ECLI:NL:RBDHA:2021:2145
Rechtbank Den Haag
- Mondelinge uitspraak
- Rechtspraak.nl
Afwijzing asielaanvraag op basis van economische redenen zonder raakvlak met vluchtelingschap
In deze zaak heeft de Rechtbank Den Haag op 12 februari 2021 uitspraak gedaan over de asielaanvraag van eiser, die afkomstig is uit Algerije. De rechtbank heeft de aanvraag afgewezen als kennelijk ongegrond. Eiser heeft verklaard Algerije te hebben verlaten vanwege economische redenen, maar de rechtbank oordeelde dat deze redenen geen raakvlak hebben met vluchtelingschap of schending van artikel 3 van het EVRM. De rechtbank concludeerde dat er geen bewijs was van een op eiser gerichte onmenselijke of vernederende behandeling in Algerije.
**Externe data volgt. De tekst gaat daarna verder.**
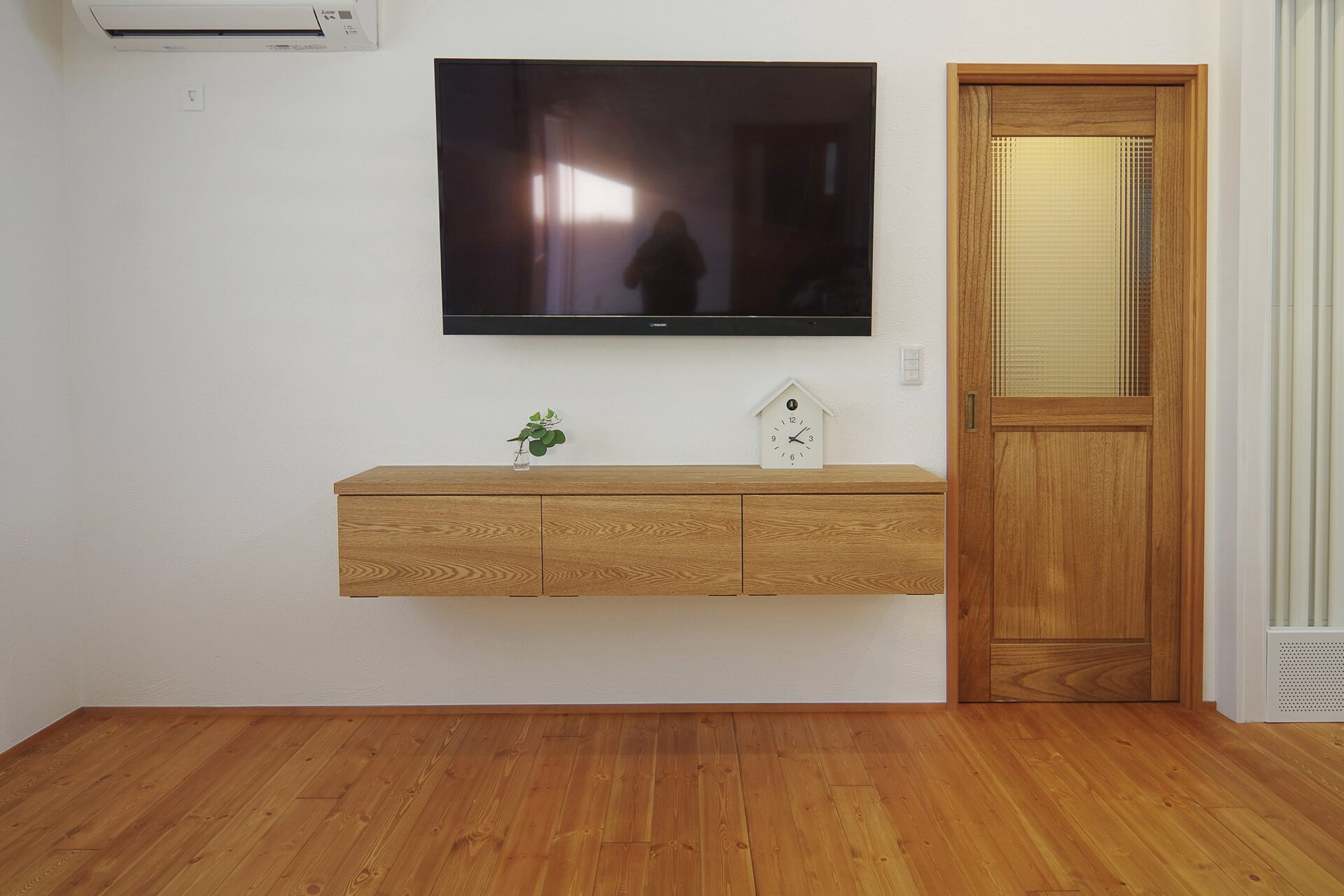 木目の流れが美しい造作のテレビボードは奥様のこだわり。シンプルで主張しすぎないデザイン。

De rechtbank heeft verder overwogen dat Algerije is aangewezen als een veilig land van herkomst. Eiser heeft niet aannemelijk gemaakt dat Algerije voor hem persoonlijk niet veilig is, en hij heeft bovendien geen hulp of bescherming in zijn land van herkomst gezocht. De rechtbank oordeelde dat de afwijzing van de asielaanvraag door de staatssecretaris van Justitie en Veiligheid terecht was, en dat er geen aanleiding was voor een proceskostenveroordeling.
De uitspraak is gedaan in het openbaar en is bekendgemaakt op dezelfde dag. Tegen deze uitspraak kan binnen één week hoger beroep worden ingesteld bij de Afdeling bestuursrechtspraak van de Raad van State.